Title:
AGENT AND METHOD FOR IMPROVEMENT OF IMPAIRMENT OF LEARNING AND MEMORY
Kind Code:
A1


Abstract:
An improving agent for impairment of learning and memory containing yokukansan is provided as an easy and simple means for enhancing memory of aged people, etc. and for improving the impairment of learning and memory.



Inventors:
Ikarashi, Yasushi (Inashiki-gun, JP)
Tabuchi, Masahiro (Inashiki-gun, JP)
Application Number:
11/870079
Publication Date:
04/16/2009
Filing Date:
10/10/2007
Assignee:
TSUMURA & CO. (Tokyo, JP)
Primary Class:
International Classes:
A61K36/232; A61K36/74; A61P43/00
View Patent Images:
Related US Applications:



Primary Examiner:
TATE, CHRISTOPHER ROBIN
Attorney, Agent or Firm:
OBLON, MCCLELLAND, MAIER & NEUSTADT, L.L.P. (ALEXANDRIA, VA, US)
Claims:
What is claimed is:

1. An improving agent for impairment of learning and memory comprising yokukansan.

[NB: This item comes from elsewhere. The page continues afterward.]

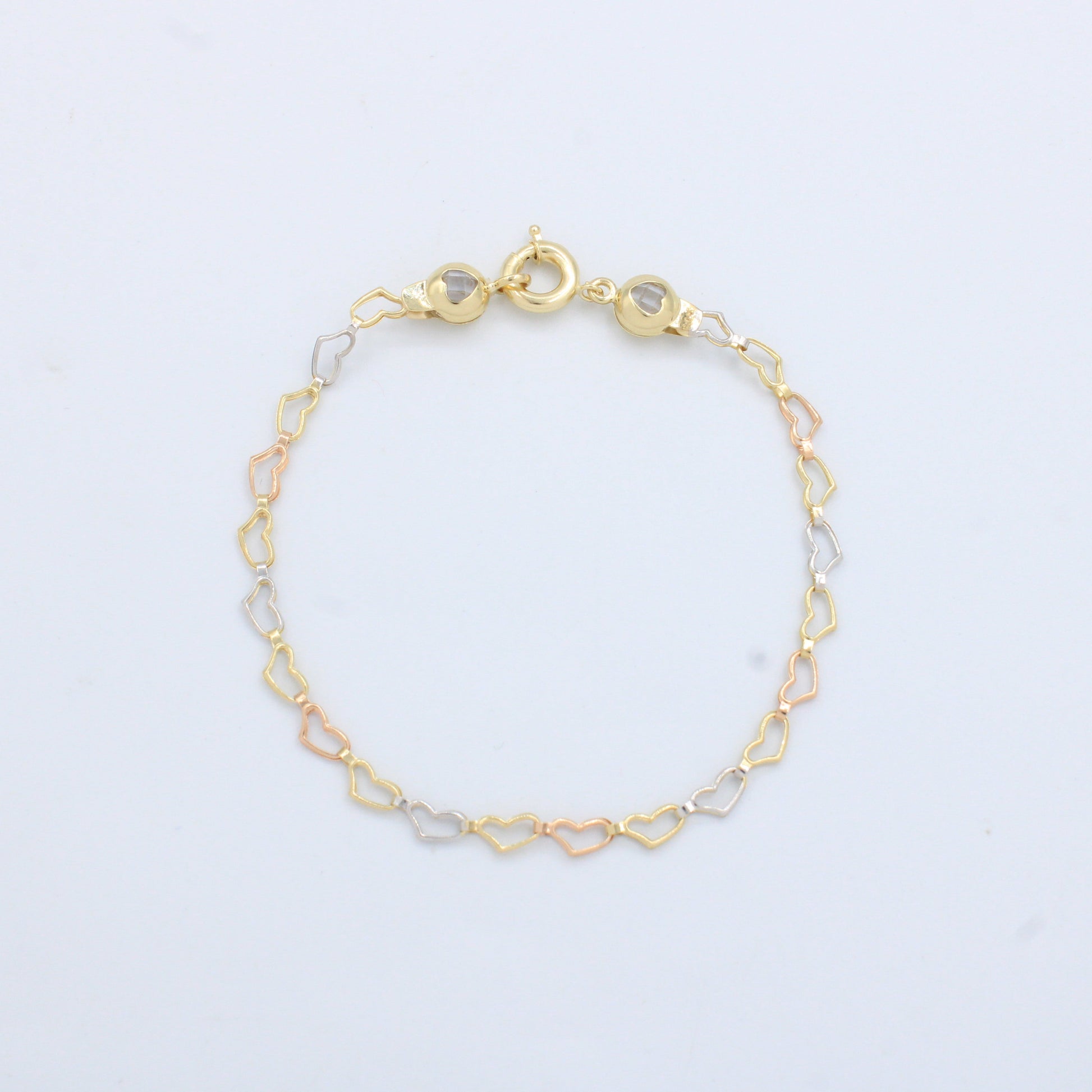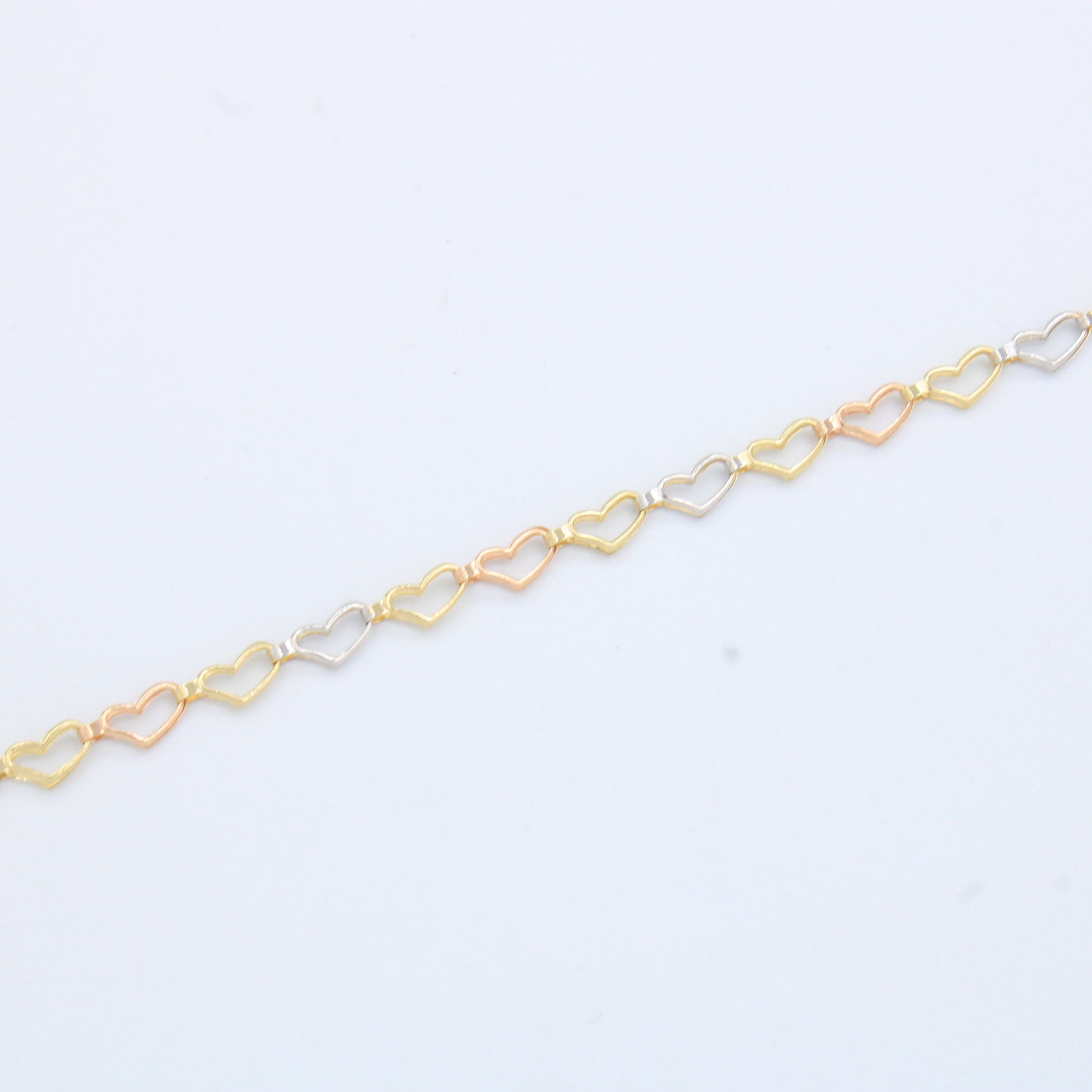 Pulsera de Oro 14k Tejido de Corazones Especial y Brillante mod. 10188

2. The improving agent for impairment of learning and memory according to claim 1, by which yokukansan is administered in a dose of 1.0 g to 10.0 g per day in terms of the amount of extract thereof.

3. A method for improvement of impairment of learning and memory, comprising administering yokukansan to a person with a decline in learning and memory.

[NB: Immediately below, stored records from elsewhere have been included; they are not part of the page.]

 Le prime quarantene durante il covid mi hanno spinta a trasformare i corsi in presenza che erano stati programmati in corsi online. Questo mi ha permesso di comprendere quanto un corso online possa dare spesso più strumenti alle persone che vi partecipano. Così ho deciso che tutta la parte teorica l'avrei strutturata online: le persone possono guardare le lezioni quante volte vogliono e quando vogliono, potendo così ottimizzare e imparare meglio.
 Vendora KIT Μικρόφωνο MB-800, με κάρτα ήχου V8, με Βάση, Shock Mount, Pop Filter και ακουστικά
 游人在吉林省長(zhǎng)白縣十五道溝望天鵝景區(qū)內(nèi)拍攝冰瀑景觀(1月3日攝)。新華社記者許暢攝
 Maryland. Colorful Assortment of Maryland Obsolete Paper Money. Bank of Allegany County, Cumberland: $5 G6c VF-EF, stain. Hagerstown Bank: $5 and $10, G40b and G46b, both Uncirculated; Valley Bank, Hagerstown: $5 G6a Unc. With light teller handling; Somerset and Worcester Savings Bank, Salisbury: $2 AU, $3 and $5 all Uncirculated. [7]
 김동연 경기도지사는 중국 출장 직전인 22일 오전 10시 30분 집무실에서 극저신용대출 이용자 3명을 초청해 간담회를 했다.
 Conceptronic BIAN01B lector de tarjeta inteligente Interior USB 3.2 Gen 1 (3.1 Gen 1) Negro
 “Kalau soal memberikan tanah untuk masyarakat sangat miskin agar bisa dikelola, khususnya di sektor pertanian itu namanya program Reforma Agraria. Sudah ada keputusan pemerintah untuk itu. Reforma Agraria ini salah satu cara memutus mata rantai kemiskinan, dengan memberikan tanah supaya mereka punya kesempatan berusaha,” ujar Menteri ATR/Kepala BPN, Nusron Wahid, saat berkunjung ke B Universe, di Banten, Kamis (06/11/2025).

4. The method for improvement of impairment of learning and memory according to claim 3, wherein the decline in learning and memory is caused by aging or by deficiency of thiamine.

5. The method for improvement of impairment of learning and memory according to claim 3, wherein the decline in learning and memory is caused by Alzheimer's disease.

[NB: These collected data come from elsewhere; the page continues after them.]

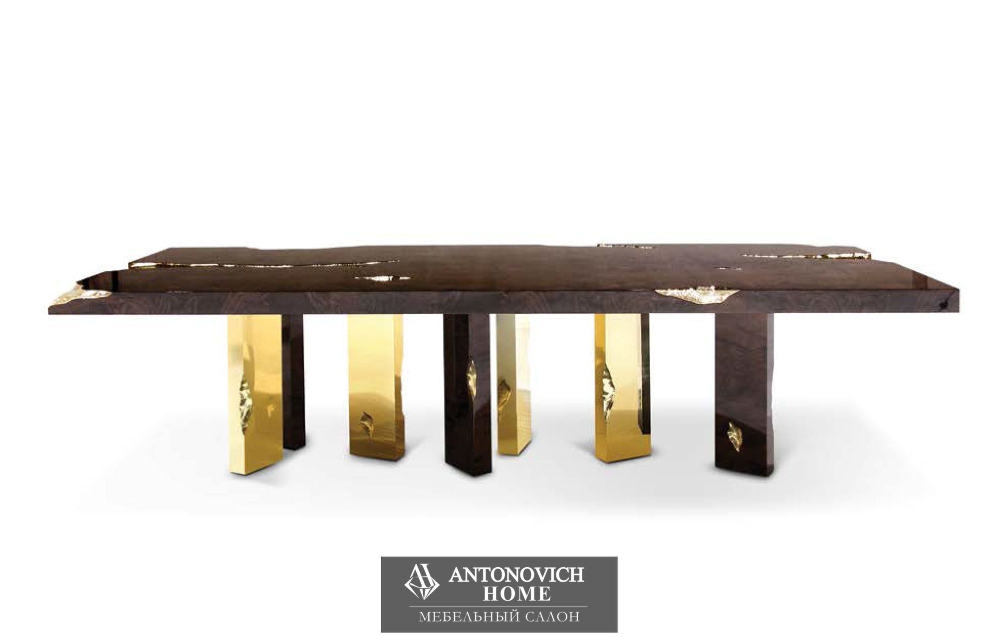 Великая Империя строится веками, и те, кто восстают после падения, обретают свою истинную силу. Само собой разумеется, что великие решения принимаются за могущественными столами среди решительных умов. Обеденный стол Империя (EMPIRE) фабрики Boca do lobo символизирует поколения собраний и решений, как во время праздника или напряженности. Его трещины отражают тяжелые времена, открывая золотой интерьер в манифесте к власти. Безупречная и яркая, оставшаяся поверхность указывает на процветающее будущее, напоминая человеку о тосте за процветание.
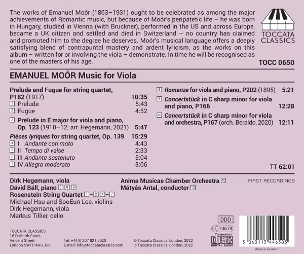| Artiste | Mátyás Antal | Anima Musicae Chamber Orchestra | Emanuel Moor | Dirk Hegemann | Dávid Báll | Rosenstein String Quartet |
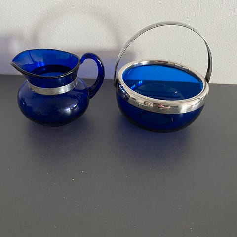 Gammel Holmegaard marmelade krukke. Er slebet med striber, har tin låg fra Just Andersen, højde 12.5 cm. Sender ikke skal afhentes.
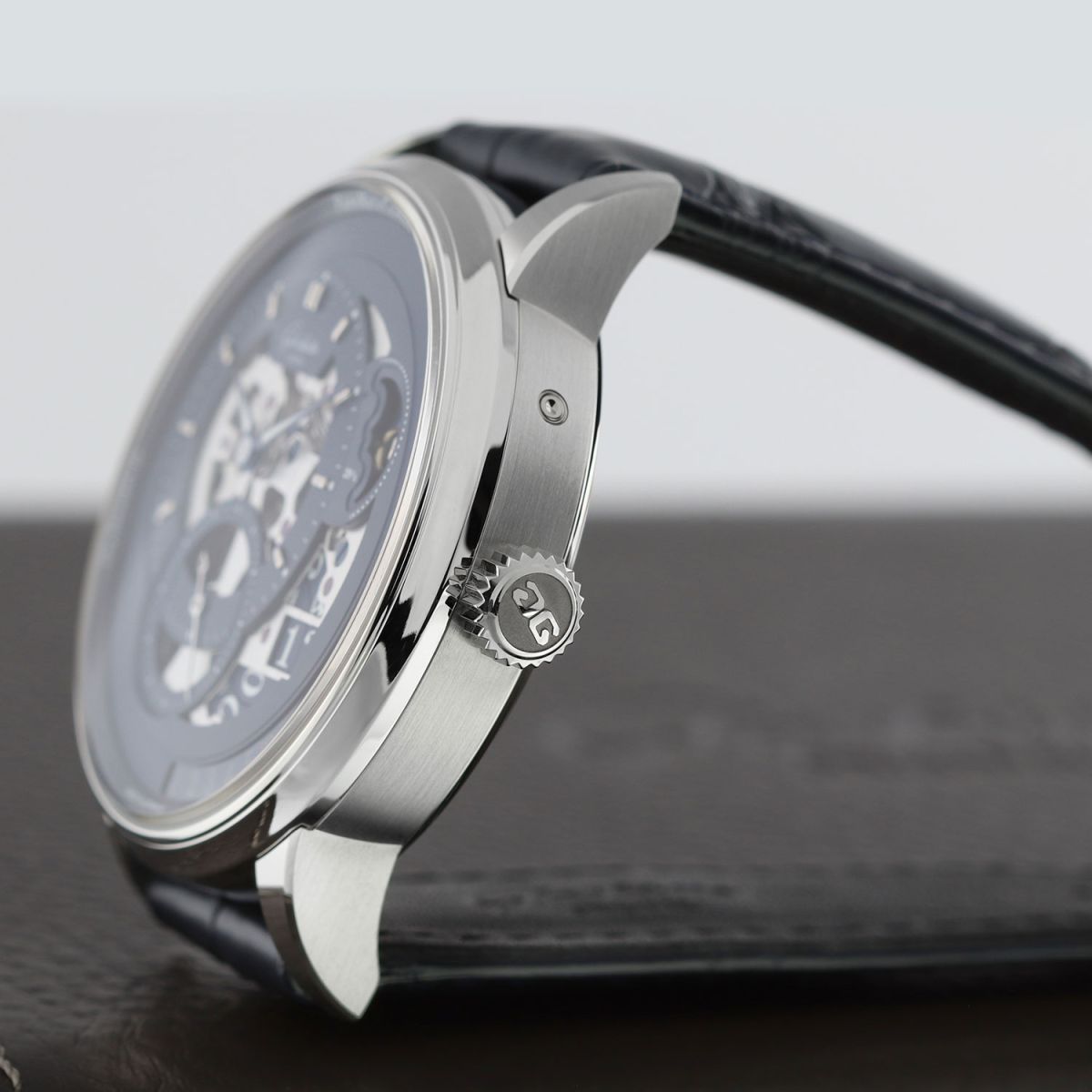Case: Brushed & polished solid 950 platinum case. Dark blue skeletonized dial exposing the movement plates with plate with a striped finish. Offset time sub-dial featuring blued steel hands with luminous fill, applied polished white gold index hour marker, luminous painted hour markers & fine printed minutes track. Small seconds sub-dial at 6 o'clock with a polished white gold hand.
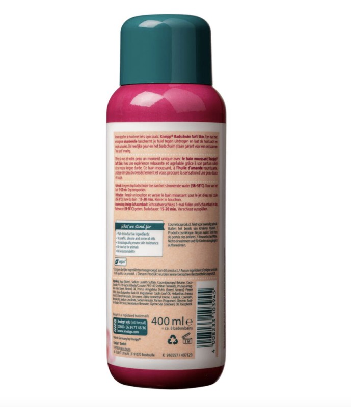 De verzorgende Kneipp badschuim amandelbloesem bevat waardevolle verzorgende amandel- en jojoba-olie voor een natuurlijke hydratatie en bescherming van de huid.
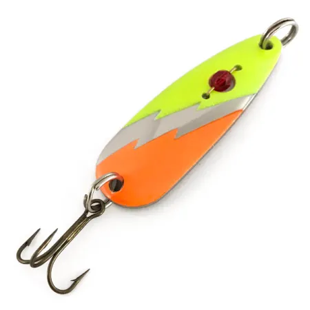 Painoltaan 1/2 oz (14 g) olevan heittolusikan kolmivärinen viimeistely on jaettu erottuvalla siksak-salamakuviolla. Tämä Red Eye Lures Red Eye Evil Eye UV -malli, tuotekoodi 7648, yhdistää kiillotetun nikkelipohjan kirkkaan oransseihin ja chartreuse-segmentteihin. Tämän Yhdysvalloissa valmistetun lusikan keskeinen ominaisuus on rungon yläosaan asennettu hiottu punainen lasihelmi, joka toimii näkyvänä iskupisteenä. Ultraviolettivalossa fluoresoivat väriosiot hohtavat voimakkaasti, mikä parantaa näkyvyyttä merkittävästi syvässä vedessä tai pilvisellä säällä kalastettaessa. Pituudeltaan 2 1/4" (5,7 cm) uistin on varustettu alkuperäisillä osilla, kuten kestävillä uistinrenkailla ja terävällä kolmihaarakoukulla. Tämä yksilö on käyttämätön ja erinomaisessa kunnossa.
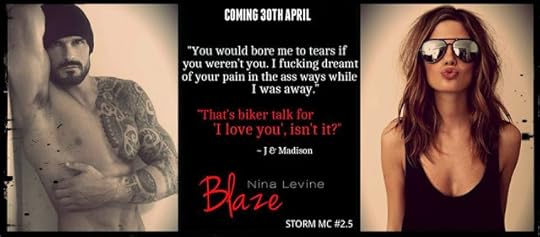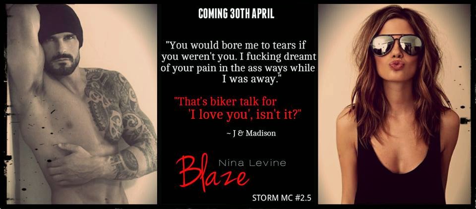 Madison and Jason are back in this steamy hot novella, Blaze (Storm MC 2.5) by Nina Levine. The story begins with a flashback to Madison's 23rd birthday and the powerful love that had ignited between the couple. J and Madison are good friends and the thought of taking their relationship to the next level causes Madison to put the brakes on. She doesn't want to lose him because he is too important to her. J tries to explain that she is the only one for him.

6. The method for improvement of impairment of learning and memory according to claim 3, wherein yokukansan is administered in a dose of 1.0 g to 10.0 g per day in terms of the amount of an extract thereof.

7. The method for improvement of impairment of learning and memory according to claim 4, wherein yokukansan is administered in a dose of 1.0 g to 10.0 g per day in terms of the amount of an extract thereof.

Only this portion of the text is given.